Working memory is context that **remembers what matters, fades what changes, and stays out of the way.**
OpenCode Working Memory preserves project decisions, preferences, and references across compactions and sessions, while keeping active files and unresolved errors fresh for the current session — with no manual tools or extra LLM/API calls.
## Why This Exists
OpenCode compaction keeps conversations manageable, but important context can still get lost over time.
It adds a workspace-aware memory layer so your agent can remember durable facts while keeping short-term session state fresh and lightweight.

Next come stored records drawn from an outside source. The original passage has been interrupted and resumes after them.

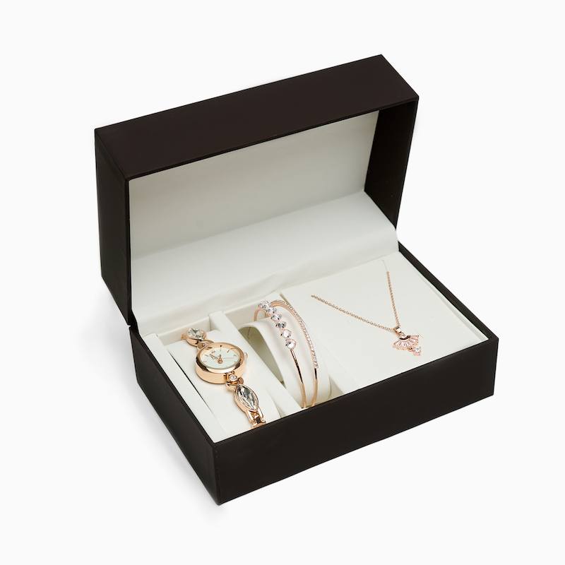 Женский подарочный набор представлен в разных вариантах – часы, двойной тонкий браслет и дополнительный браслет или подвеска на цепочке. Небольшие часики с белым циферблатом на оригинальном браслете создадут утонченный образ.
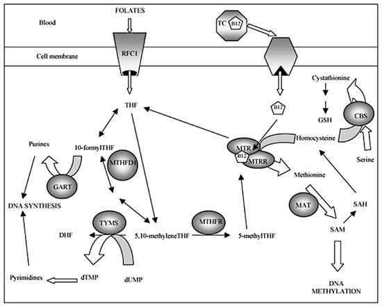 Simplified overview of the human folate metabolic pathway [10]. Enzymes: CBS: cystathionine b-synthase; GART: phosphoribosyl glycinamide transformylase; MTHFD1: methylenetetrahydrofolate dehydrogenase; MAT: methionine adenosyltransferase; MTHFR: methylenetetrahydrofolate reductase; MTR: methionine synthase; MTRR: methionine synthase reductase; RFC1: reduced folate carrier; TC (TCN2): transcobalamin; TYMS: thymidylate synthase. Metabolites: DHF: dihydrofolate; GSH: glutathione; THF: tetrahydrofolate; dTMP: deoxythymidine monophosphate; dUMP: deoxyuridine monophosphate; SAH: S-adenosyl homocysteine; SAM: S-adenosylmethionine. Cofactors: B12: vitamin B12 or cobalamin.
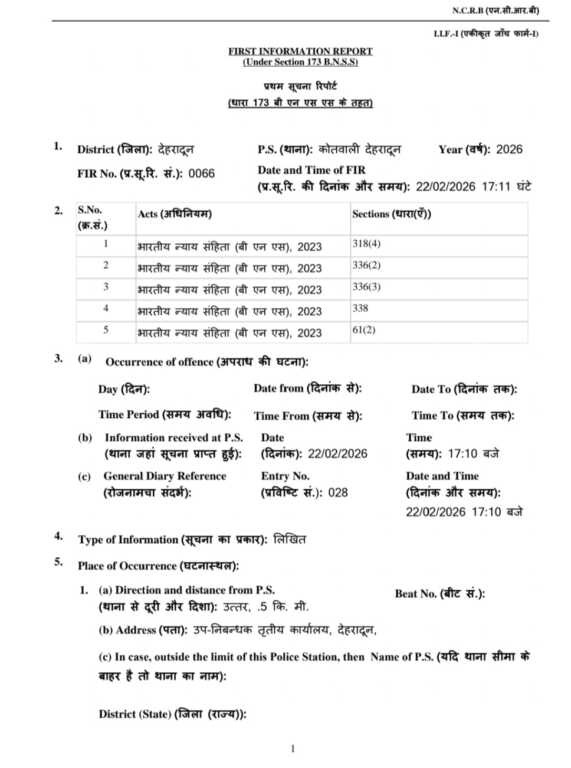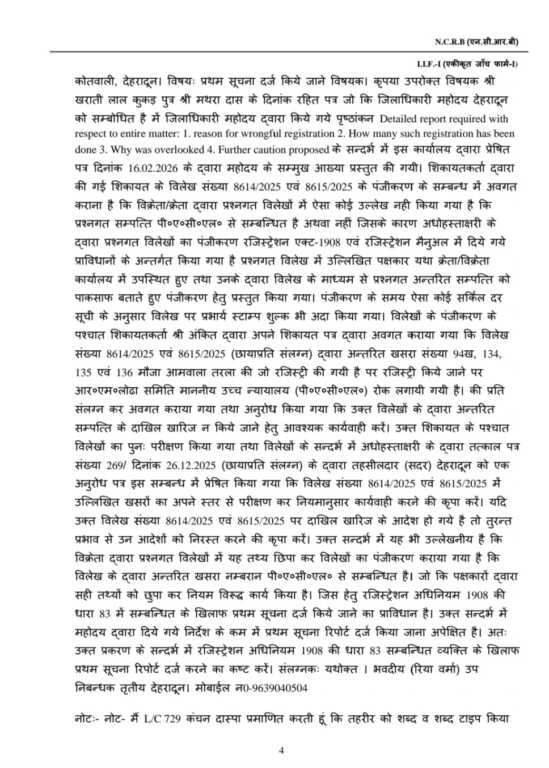 देहरादून: 24 फरवरी 2026: जनपद में न्यायालय द्वारा प्रतिबंधित भूमि के अवैध क्रय-विक्रय से जुड़े गंभीर फर्जीवाड़े के मामले में जिलाधिकारी सविन बंसल ने कड़ा संज्ञान लेते हुए क्रेता एवं विक्रेता के विरुद्ध थाना शहर कोतवाली में एफआईआर दर्ज कराने के निर्देश दिए हैं। राज्य की सरकारी भूमि पर गिद्ध नजर गढाये बैठे भू-माफिया बिल्डर्स पर जिला प्रशासन कड़े प्रहार करने के मूड मेें है. चंडीगढ पंजाब बाहरी लोग राज्य की प्रतिबन्धित भूमि जिनपर न्यायालय द्वारा क्रय-व्रिकय पर रोक लगा रखी है ऐसी भूमि पर भू-माफियाओं की नजर है, ज़िला प्रशासन के अनुसार ऐसी भूमि को कूटरचित दस्तावेज से जमीन बेचने का मामला संज्ञान में आया है। जिस पर जिलाधिकारी ने एक्शन लेते हुए मुकदमा दर्ज कराया है तथा अधिकारियों को निर्देशित किया कि इस तरह के अन्य प्रकरणों पर कार्यवाही की जाए। ऐसे प्रकरणों पर जिला प्रशासन कड़ा एक्शन लेने के मूड में है।
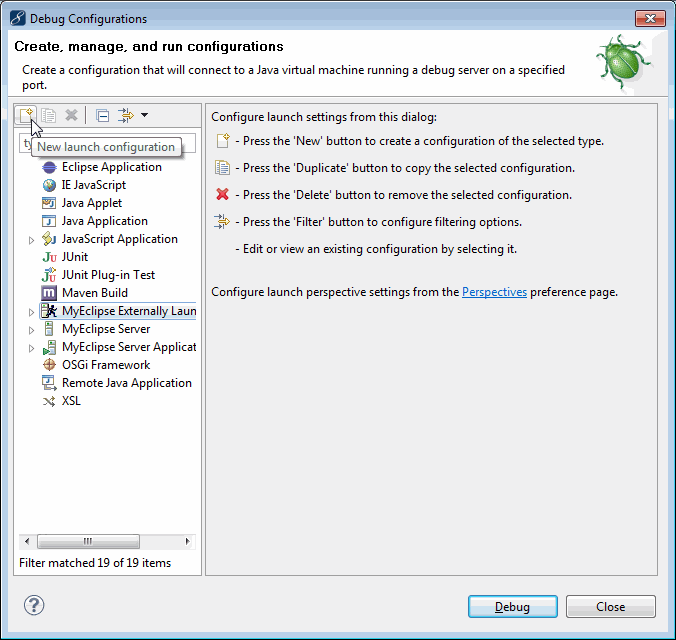 打开调试配置窗口,选择MyEclipse外部启动服务器,然后单击新建启动配置图标,创建用于连接到应用服务器的调试启动配置。
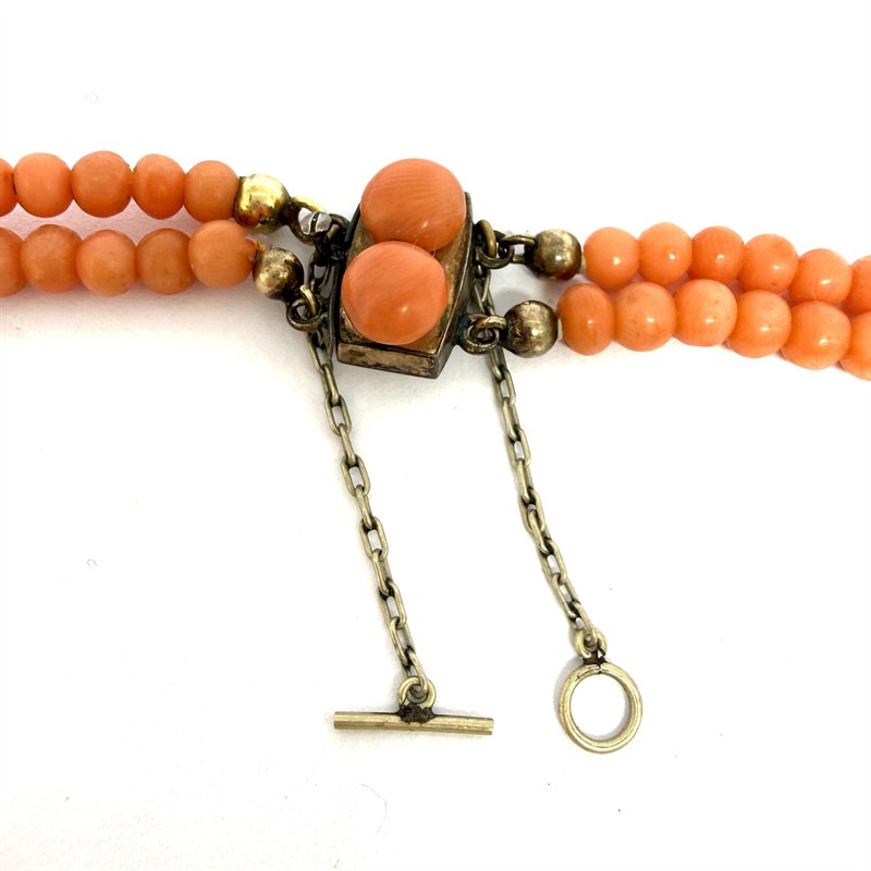 Výrazný, velmi starý korálový náhrdelník. Šperk tvoří dvě řady velkých, vysoce kvalitních korálů sytého lososovitého odstínu. Náhrdelník je dlouhý cca 53 cm, zakončen dekorativním zapínáním se dvěma korály s pojistným řetízkem. Náhrdelník je ve výborném stavu.
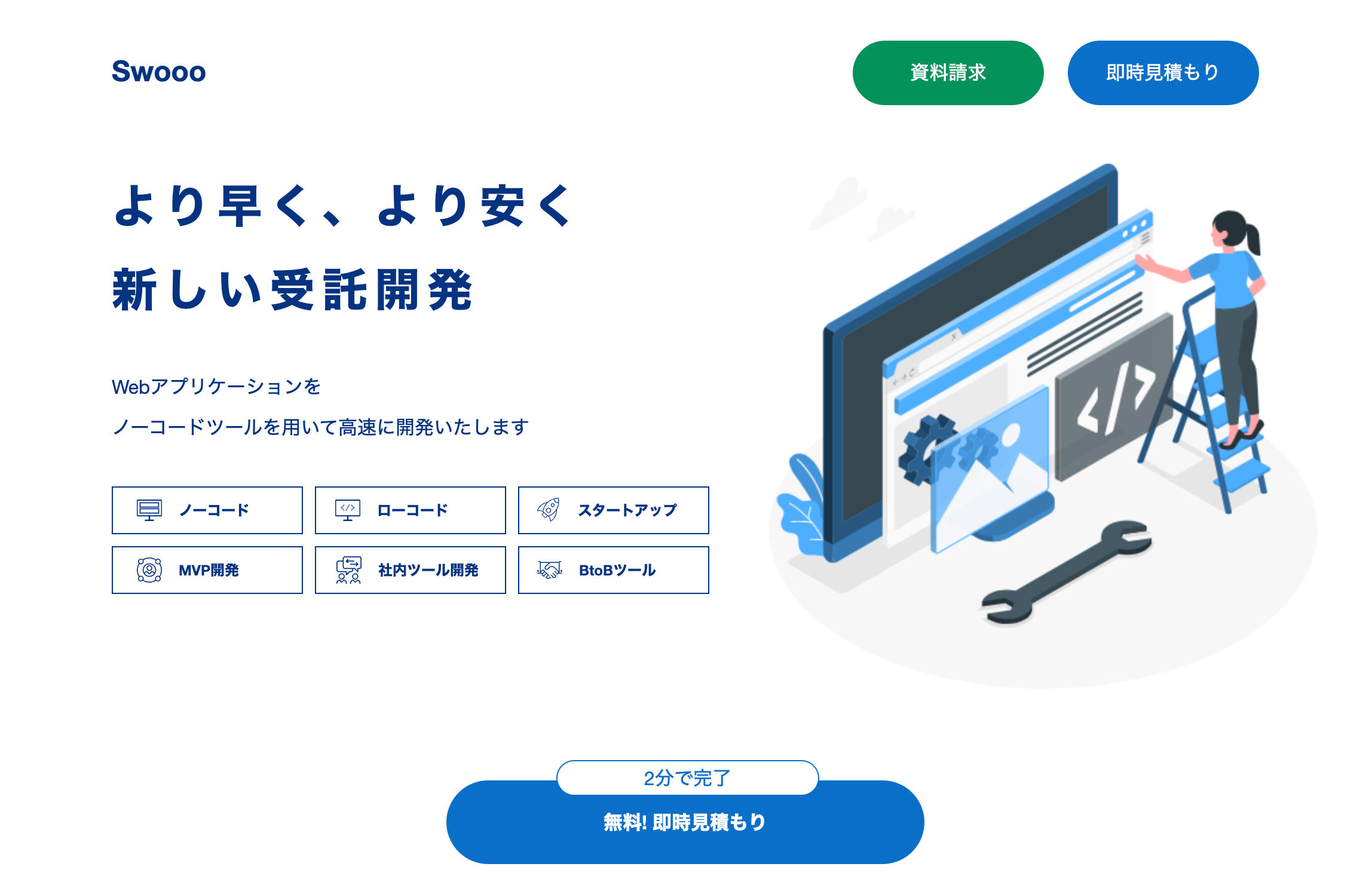 Swoooは、「コーディング不要のノーコードツールを活用し、従来よりもコストを抑え、そして早く実現させる」webシステム開発サービスです。

Use it when you want your agent to remember things like:
- Project conventions
- User preferences
- Architecture decisions
- Important file paths or references
- Current active files and unresolved errors
## What You Get
| Need | Feature |
|---|---|
| Remember durable context | Workspace memory keeps project facts, preferences, decisions, and references across sessions. |
| Capture what matters | Say `remember this` or `記住` to explicitly save important rules and preferences. |
| Inspect memory locally | Use `/memory` in the OpenCode TUI to browse status, help, and searchable current `[M#]` memories. |
| Stay out of the way | Memory is injected automatically and piggybacks on OpenCode compaction — no manual tools, no extra LLM/API calls. |
| Keep memory clean | Quality guards filter noise, redact credentials, dedupe repeats, and let weak memories fade. |
```text
remember this ──► workspace memory ──► /memory
▲ │ searchable [M#] refs
│ ▼
compaction ─────► reinforce / replace ──► selective prompt context
```
## Installation
New users: add OpenCode Working Memory to both OpenCode plugin configs.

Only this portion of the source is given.